Trio Hakim Penunda Pemilu Hanya Dihukum Mutasi, KY Pertanyakan Alasan MA
Putusan sanksi trio hakim diduga bukan tindak lanjut rekomendasi KY.
REPUBLIKA.CO.ID, JAKARTA -- Komisi Yudisial (KY) mengambil sikap atas tiga hakim perkara penundaan Pemilu 2024 yang hanya disanksi mutasi oleh Mahkamah Agung (MA). Mereka lolos dari sanksi lebih berat sebagaimana rekomendasi KY.
Juru Bicara KY Miko Ginting menyampaikan, pihak KY akan meminta penjelasan MA atas sanksi tersebut.
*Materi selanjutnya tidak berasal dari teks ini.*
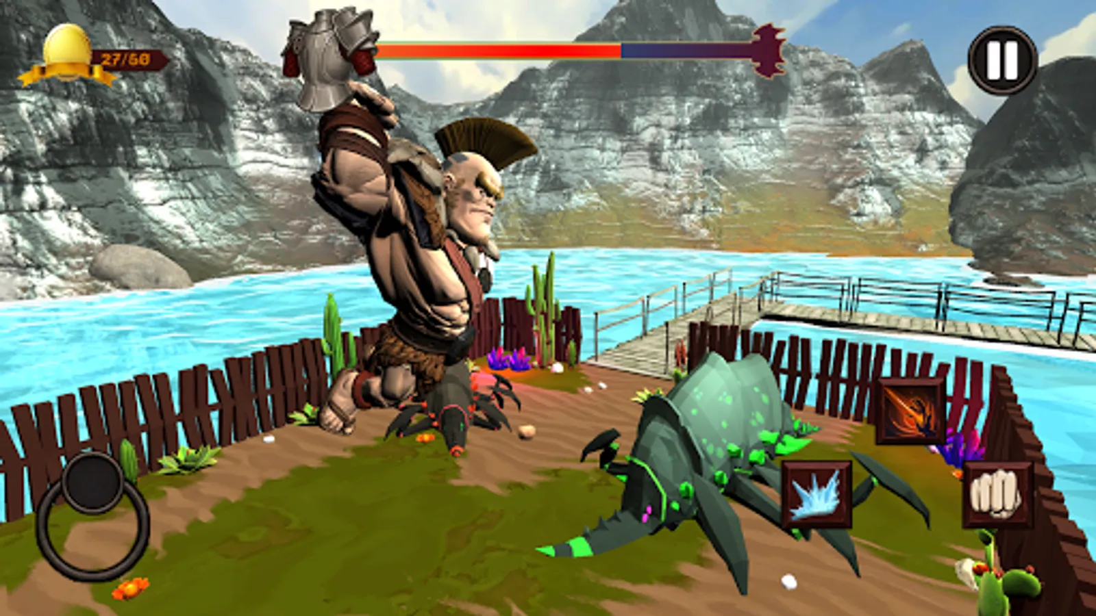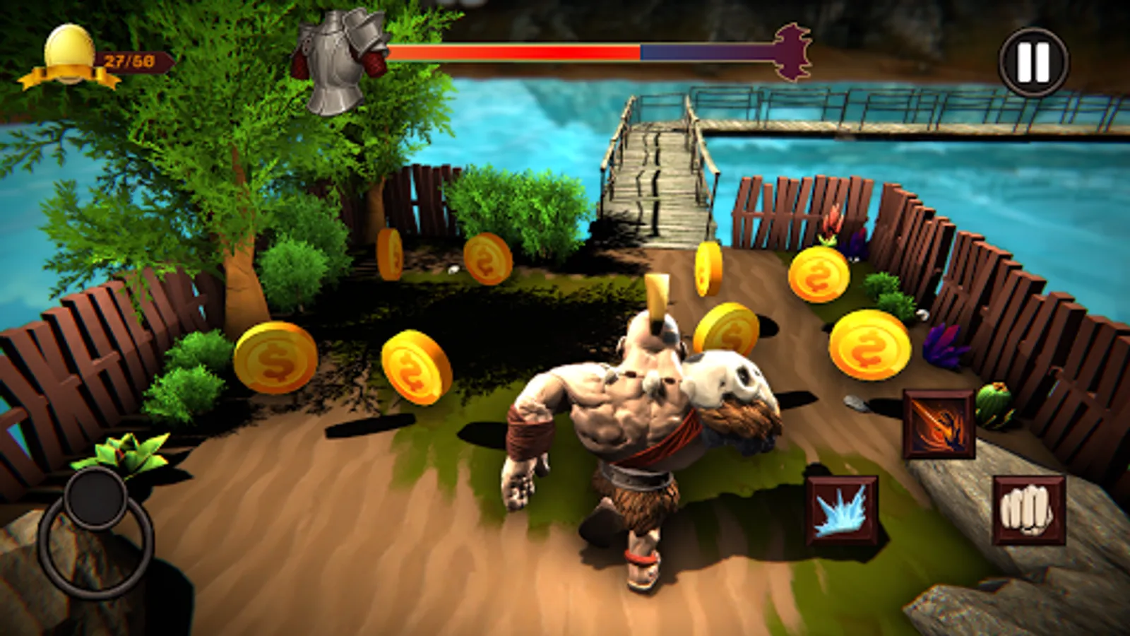 - Collect coins by fighting against spider monsters and fire monsters by your ultimate angry Viking's powers of punch, jump and ice spear attack.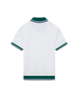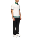 The Croquis De Tennis polo shirt is a short-sleeved design crafted from an organic cotton fabric, featuring the house's tennis-inspired seasonal artwork and Casablanca logo on the left chest. Completed with a contrast v-neck with a green, navy and white stripe collar, and contrast striped rib detail on the cuffs and hem.

Miko ingin KY mendapat keterangan detail atas alasan sanksi mutasi ke pengadilan dengan kelas lebih rendah.
"Ya, KY akan menanyakan soal ini kepada MA," kata Miko kepada wartawan, Selasa (22/8/2023).
Miko mengakui sanksi terhadap hakim Tengku Oyong, Bakrie, dan Dominggus Silaban tak sesuai rekomendasi KY. Ketiganya bertugas di Pengadilan Negeri Jakarta Pusat (PN Jakpus) ketika mengetok perkara penundaan Pemilu 2024.
"KY memberikan rekomendasi tidak seperti yang dimaksud," ujar Miko.
Sanksi yang dijatuhkan MA terhadap trio hakim tersebut lebih rendah daripada usulan KY. KY merekomendasikan ketiganya diganjar skors selama dua tahun agar tak mengurus perkara.
Walau demikian, kewenangan KY di ranah memberi usulan sanksi kepada MA, sehingga pada akhirnya putusan akhir berada di tangan MA. "Untuk rekomendasi KY, tentu KY berharap dapat dijalankan sebagaimana yang direkomendasikan," ujar Miko.
Selain itu, Miko menyinyalir sanksi mutasi terhadap trio hakim tersebut diputuskan berdasarkan pemeriksaan Badan Pengawasan MA. Apalagi memang ada mekanisme bagi Badan Pengawasan MA untuk melakukan pemeriksaan mandiri terlepas dari yang dilakukan KY.
"Dugaan sementara sanksi ini bukan bentuk tindak lanjut dari rekomendasi KY, melainkan hasil pemeriksaan sendiri. Namun, untuk lebih pasti bisa diminta penjelasan juga ke MA," ujar Miko.
Sampai saat ini, MA belum memberi respons atas sanksi yang rendah terhadap trio hakim tersebut. Lewat sanksi MA, Tengku Oyong ditugasi di PN Bengkulu. Sedangkan, Bakrie dipindah ke PN Padang. Adapun Dominggu Silaban dimutasi ke PN Jambi.
Sebelumnya, Pengadilan Tinggi (PT) DKI Jakarta memutuskan mengabulkan banding KPU karena menganggap PN Jakpus tak punya kompetensi absolut untuk mengadili perkara yang diajukan partai Prima. PT DKI meyakini perkara tersebut mestinya dialamatkan kepada Pengadilan Tata Usaha Negara (PTUN).
Putusan PT DKI membatalkan putusan PN Jakpus yang sempat memutuskan menerima gugatan yang diajukan oleh Partai PRIMA pada Kamis (2/3/2023). Lewat putusan itu, Majelis Hakim berpendapat agar Pemilu 2024 ditunda.
Atas putusan PT DKI, Partai Prima menempuh jalur kasasi. Mahkamah Agung (MA) sudah menerima berkas permohonan kasasi Partai Prima melawan KPU pada (26 Mei 2023).